Abstract
An (n, k)-bit-fixing source is a distribution on n bit strings, that is fixed on \(n-k\) of the coordinates, and jointly uniform on the remaining k bits. Explicit constructions of bit-fixing extractors by Gabizon, Raz and Shaltiel [SICOMP 2006] and Rao [CCC 2009], extract \((1-o(1)) \cdot k\) bits for \(k = \mathrm{poly}\log {n}\), almost matching the probabilistic argument. Intriguingly, unlike other well-studied sources of randomness, a result of Kamp and Zuckerman [SICOMP 2006] shows that, for any k, some small portion of the entropy in an (n, k)-bit-fixing source can be extracted. Although the extractor does not extract all the entropy, it does extract \(\log (k)/2\) bits.

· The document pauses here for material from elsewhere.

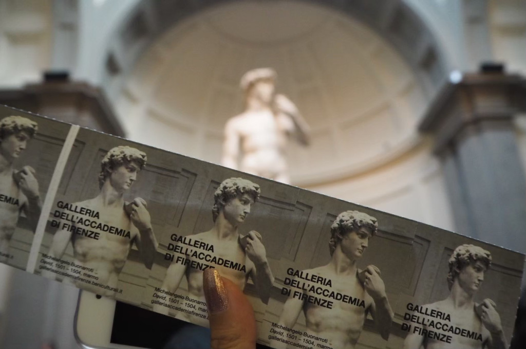 ถัดจากโบสถ์นี้ไปเป็น พิพิธภัณฑ์ศิลปะ Galleria dell’Accademia เป็นไฮไลท์ที่สุดแห่งหนึ่งของเมืองฟลอเรนซ์ เราจองคิวในการเข้าชมมาล่วงหน้าผ่านเวปไซต์ มาถึงก็แลกบัตรเข้าชมได้เลยค่ะ

In this paper we prove that when the entropy k is small enough compared to n, this exponential entropy-loss is unavoidable. More precisely, we show that for \(n > \mathsf {Tower}(k^2)\) one cannot extract more than \(\log (k)/2 + O(1)\) bits from (n, k)-bit-fixing sources. The remaining entropy is inaccessible, information theoretically. By the Kamp-Zuckerman construction, this negative result is tight. For small enough k, this strengthens a result by Reshef and Vadhan [RSA 2013], who proved a similar bound for extractors computable by space-bounded streaming algorithms.
Our impossibility result also holds for what we call zero-fixing sources. These are bit-fixing sources where the fixed bits are set to 0. We complement our negative result, by giving an explicit construction of an (n, k)-zero-fixing extractor that outputs \(\Omega (k)\) bits for \(k \ge \mathrm{poly}\log \log {n}\). Finally, we give a construction of an (n, k)-bit-fixing extractor, that outputs \(k-O(1)\) bits, for entropy \(k = (1+o(1)) \cdot \log \log {n}\), with running-time \(n^{O(( \log {\log {n}})^2)}\). This answers an open problem by Reshef and Vadhan [RSA 2013].
G. Cohen—Supported by an ISF grant and by the I-CORE Program of the Planning and Budgeting Committee. I. Shinkar—Research supported by NSF grants CCF 1422159, 1061938, 0832795 and Simons Collaboration on Algorithms and Geometry grant.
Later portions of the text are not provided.